**Collected material:**
- - - - - - -

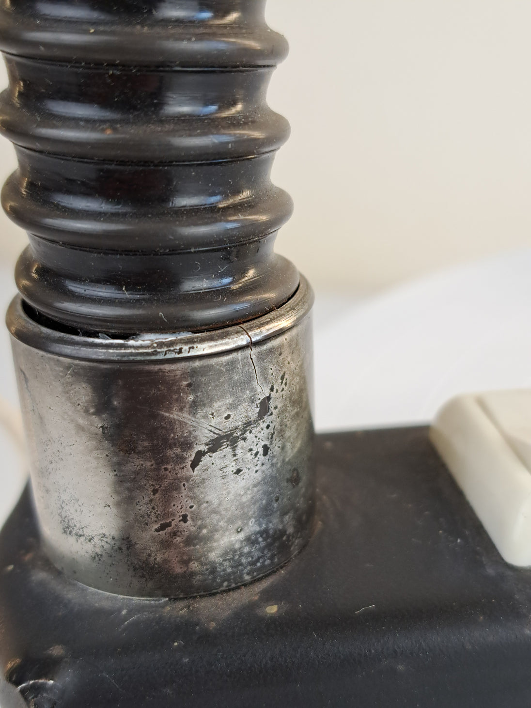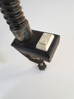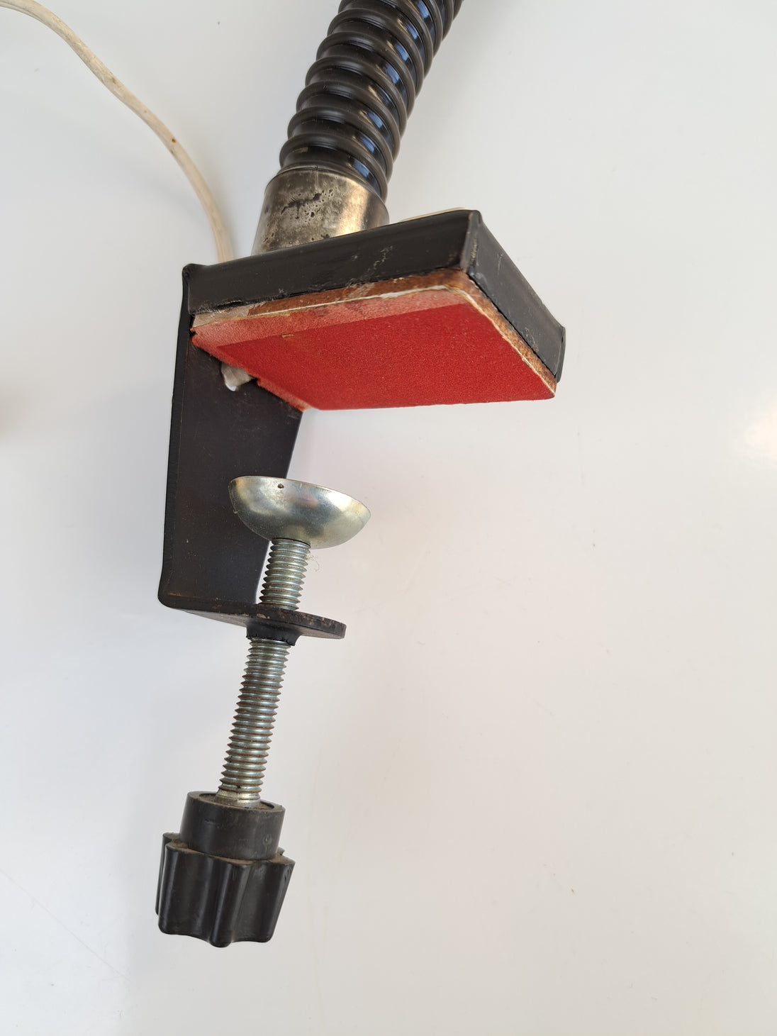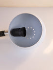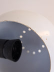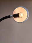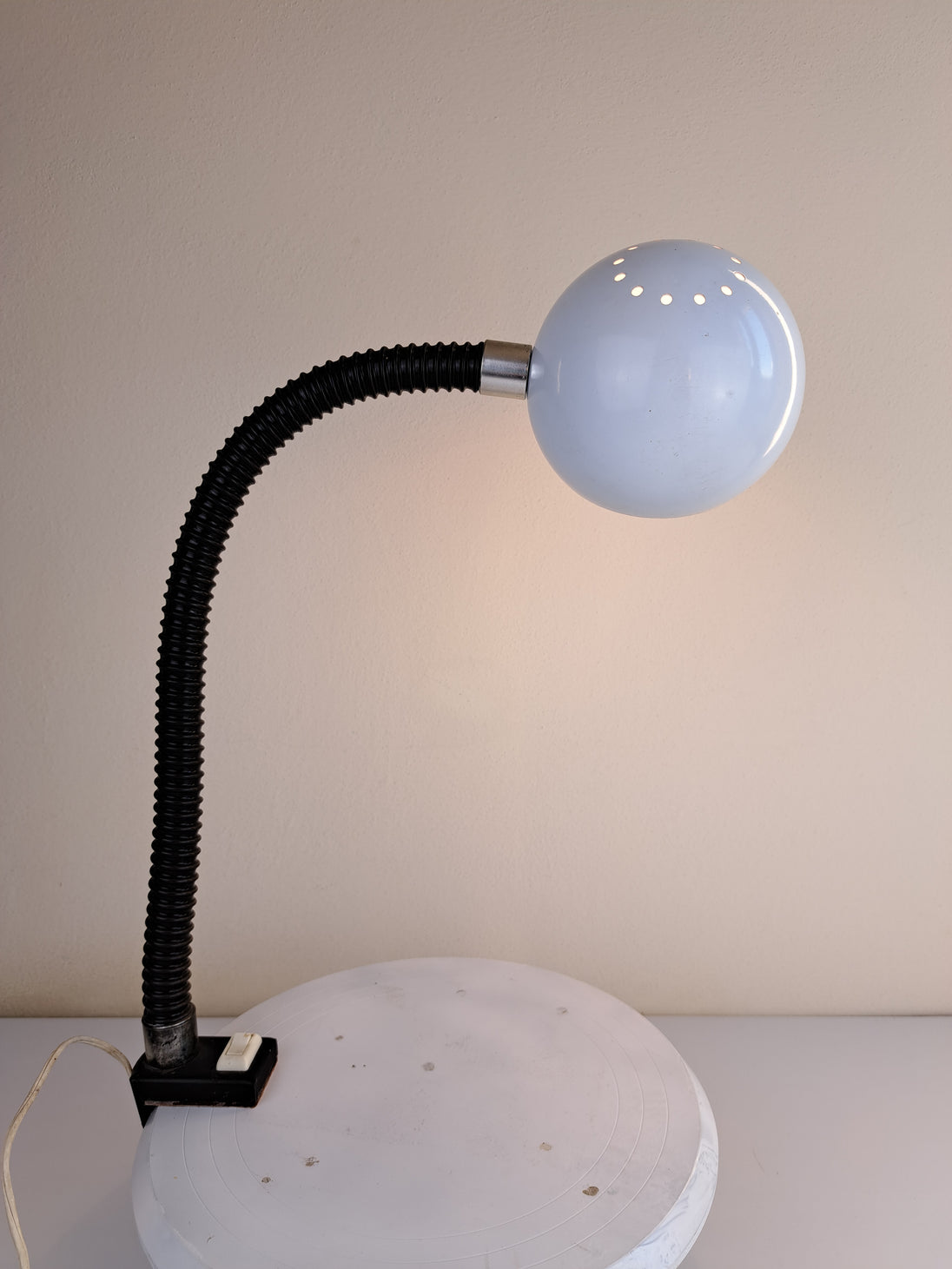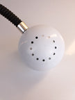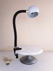 Lampada da scrivania a morsetto in metallo e plastica bianca e nera con collo snodabile, produzione italiana anni '60. Caratterizzata da paralume sferico in metallo smaltato bianco, collo flessibile e morsetto in metallo con pulsante d'accensione. Buone condizioni generali con segni di utilizzo e del tempo, nessun marchio presente. Attacco portalampada E27.
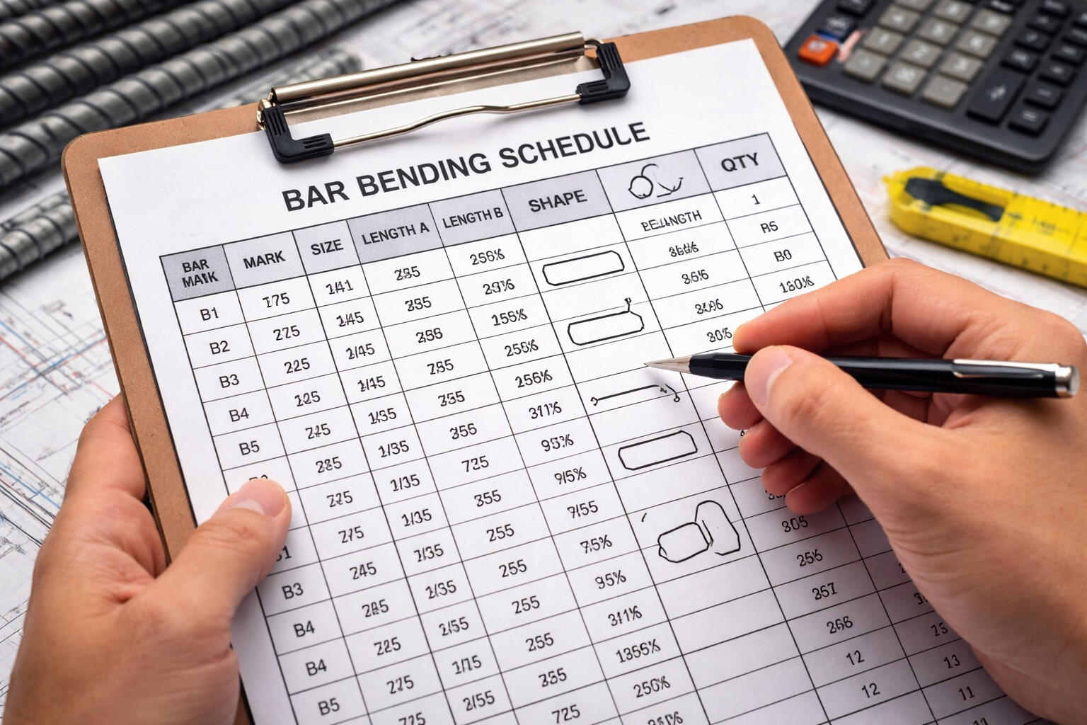 Clear and detailed bending schedules prepared for efficient cutting, bending, and placement at site.
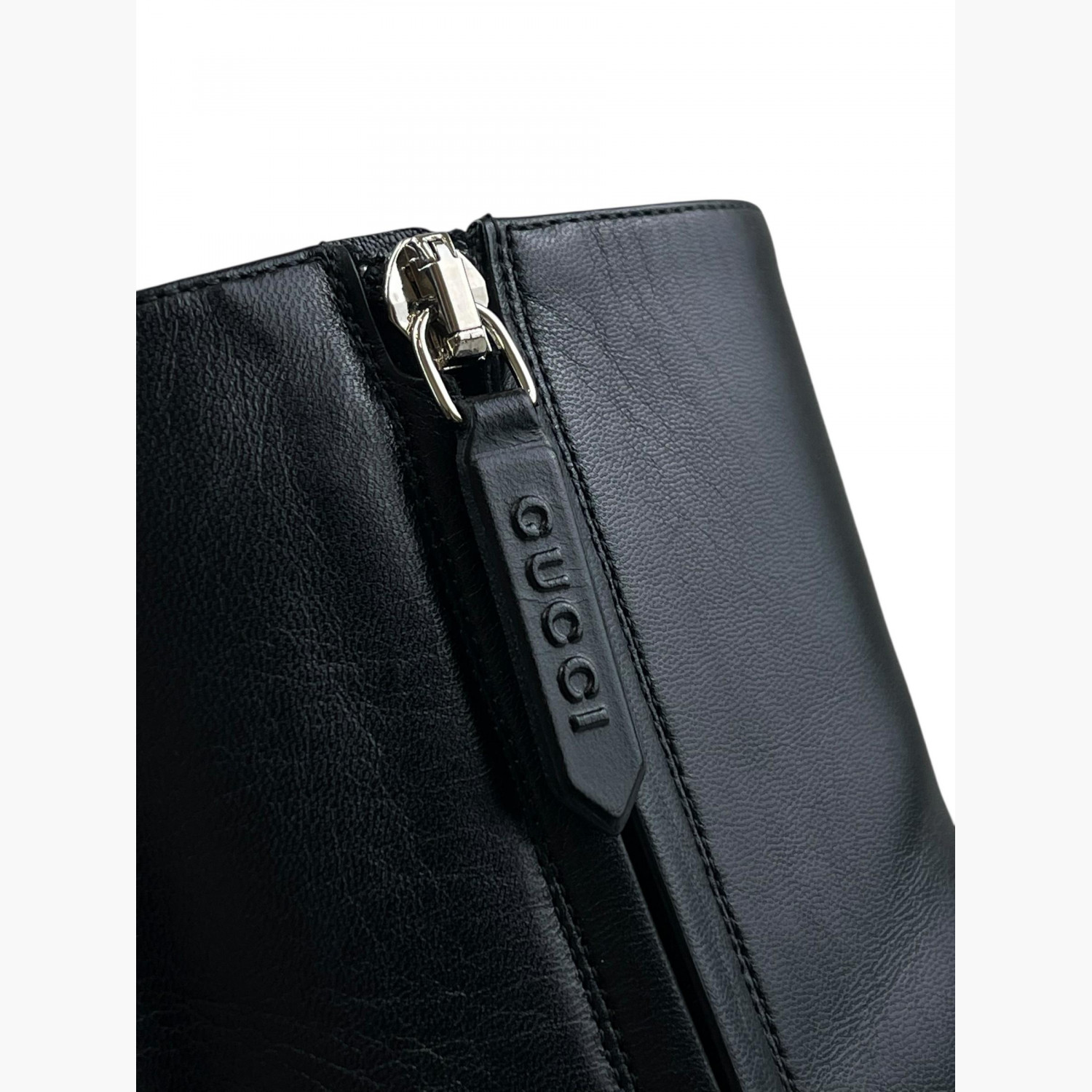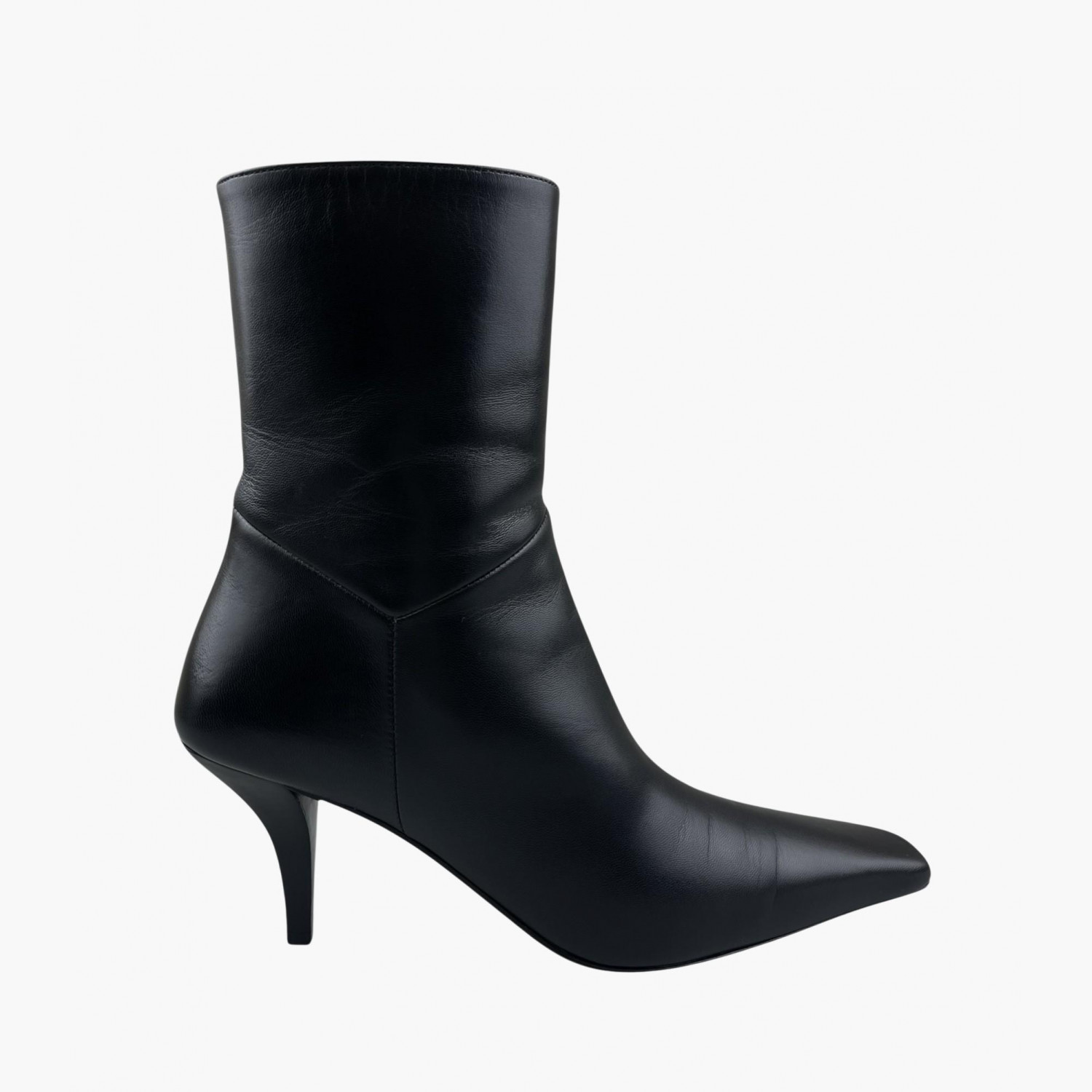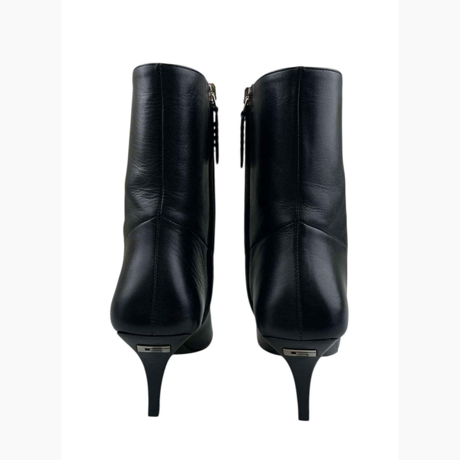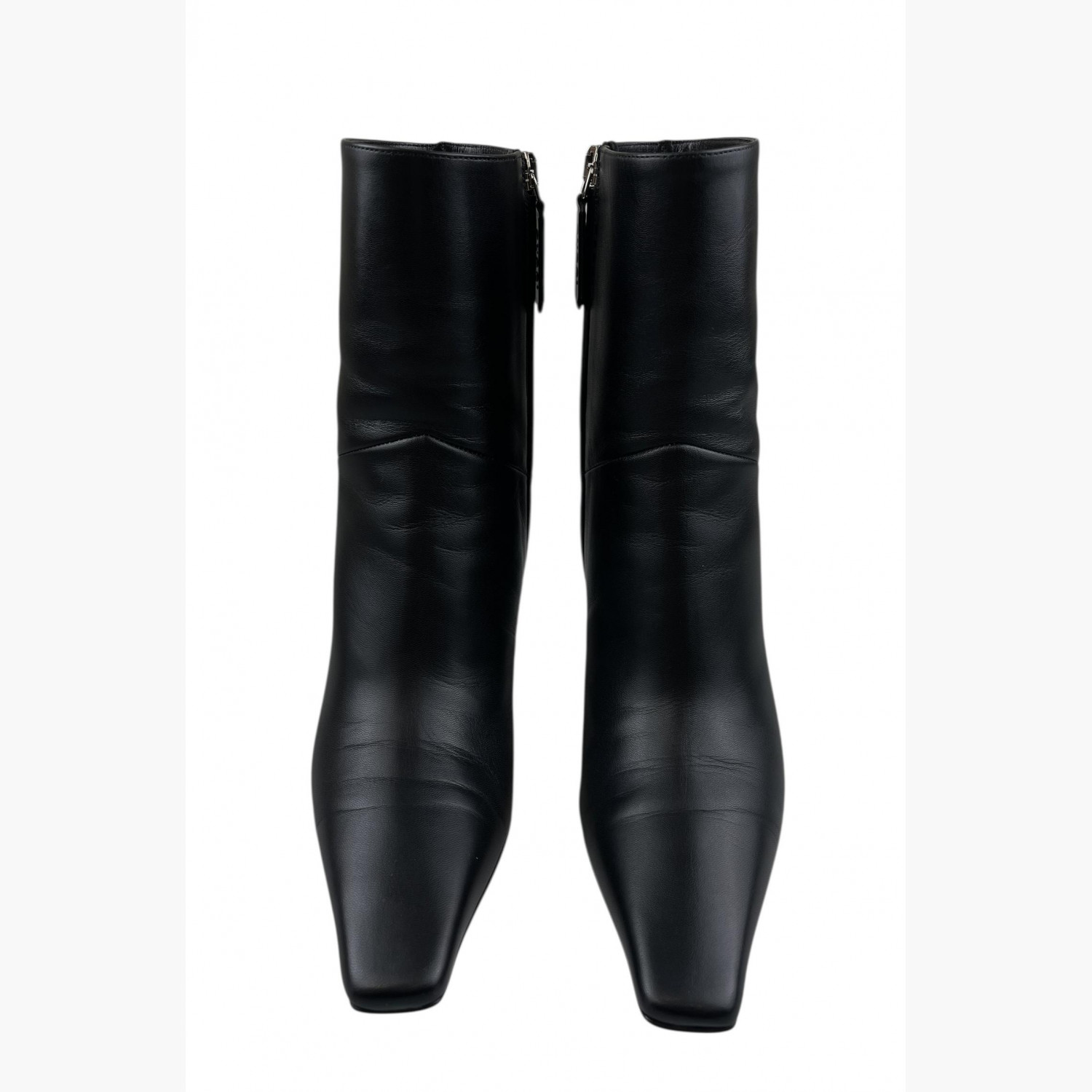 Чёрные кожаные ботильоны на молнии с вытянутым квадратным носком. В отличном состоянии, без значительных следов носки.
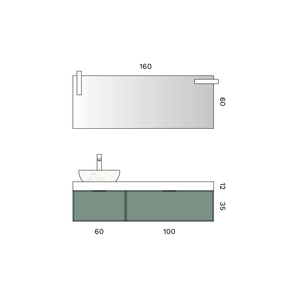 O armário de banheiro suspenso com gavetas duplas oferece amplo espaço de armazenamento e máxima funcionalidade para o dia a dia. O acabamento em tom sálvia confere um toque natural e sofisticado, ideal para banheiros modernos e elegantes .

- - - - - - -

**Your assignment:** Set down all of the material word for word, but keep each picture out.

**Response:**
 Lampada da scrivania a morsetto in metallo e plastica bianca e nera con collo snodabile, produzione italiana anni '60. Caratterizzata da paralume sferico in metallo smaltato bianco, collo flessibile e morsetto in metallo con pulsante d'accensione. Buone condizioni generali con segni di utilizzo e del tempo, nessun marchio presente. Attacco portalampada E27.
 Clear and detailed bending schedules prepared for efficient cutting, bending, and placement at site.
 Чёрные кожаные ботильоны на молнии с вытянутым квадратным носком. В отличном состоянии, без значительных следов носки.
 O armário de banheiro suspenso com gavetas duplas oferece amplo espaço de armazenamento e máxima funcionalidade para o dia a dia. O acabamento em tom sálvia confere um toque natural e sofisticado, ideal para banheiros modernos e elegantes .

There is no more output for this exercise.